═══ Data to use ═══
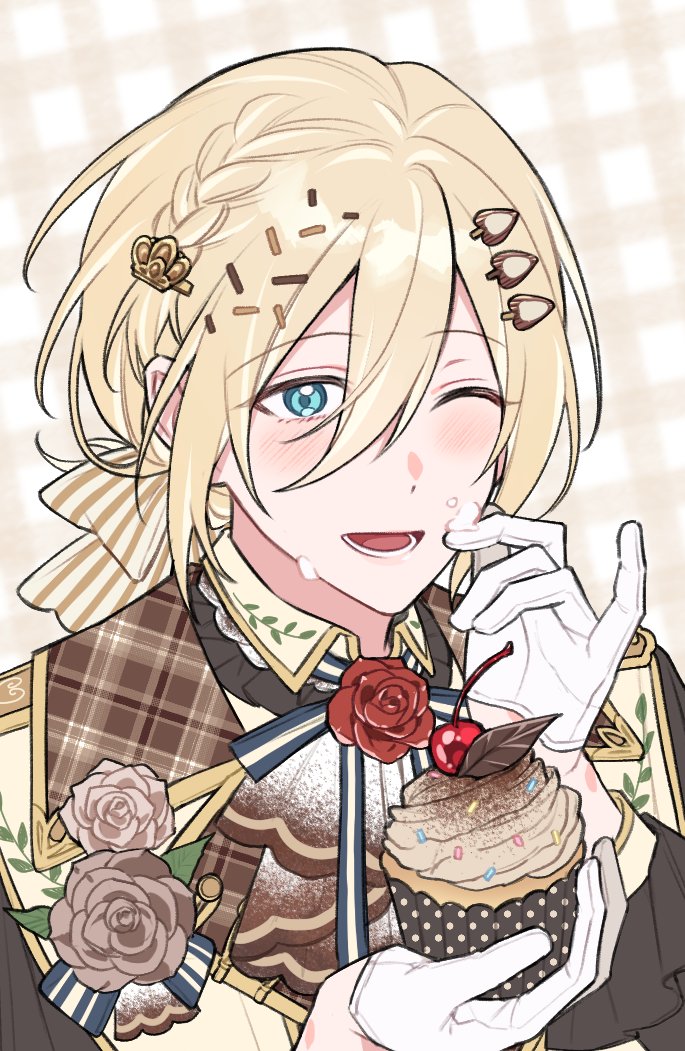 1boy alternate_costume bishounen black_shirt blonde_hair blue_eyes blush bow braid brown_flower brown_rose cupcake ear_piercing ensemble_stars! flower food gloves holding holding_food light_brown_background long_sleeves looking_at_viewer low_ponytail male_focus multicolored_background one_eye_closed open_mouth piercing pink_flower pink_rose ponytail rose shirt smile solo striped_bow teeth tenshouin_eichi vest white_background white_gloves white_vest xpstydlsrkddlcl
═══
═══ Data to use ═══
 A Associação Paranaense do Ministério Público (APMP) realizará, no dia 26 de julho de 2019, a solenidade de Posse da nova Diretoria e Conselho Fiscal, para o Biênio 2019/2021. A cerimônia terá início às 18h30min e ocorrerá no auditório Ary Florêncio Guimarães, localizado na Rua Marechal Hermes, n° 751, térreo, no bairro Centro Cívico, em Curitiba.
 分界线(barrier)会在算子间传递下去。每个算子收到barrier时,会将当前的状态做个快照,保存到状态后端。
═══
In the listing above, locate the line containing "A Associação Paranaense" and the line containing "分界线(barrier)会在". Transcribe those two lines and everything between them, exactly as written.

 A Associação Paranaense do Ministério Público (APMP) realizará, no dia 26 de julho de 2019, a solenidade de Posse da nova Diretoria e Conselho Fiscal, para o Biênio 2019/2021. A cerimônia terá início às 18h30min e ocorrerá no auditório Ary Florêncio Guimarães, localizado na Rua Marechal Hermes, n° 751, térreo, no bairro Centro Cívico, em Curitiba.
 分界线(barrier)会在算子间传递下去。每个算子收到barrier时,会将当前的状态做个快照,保存到状态后端。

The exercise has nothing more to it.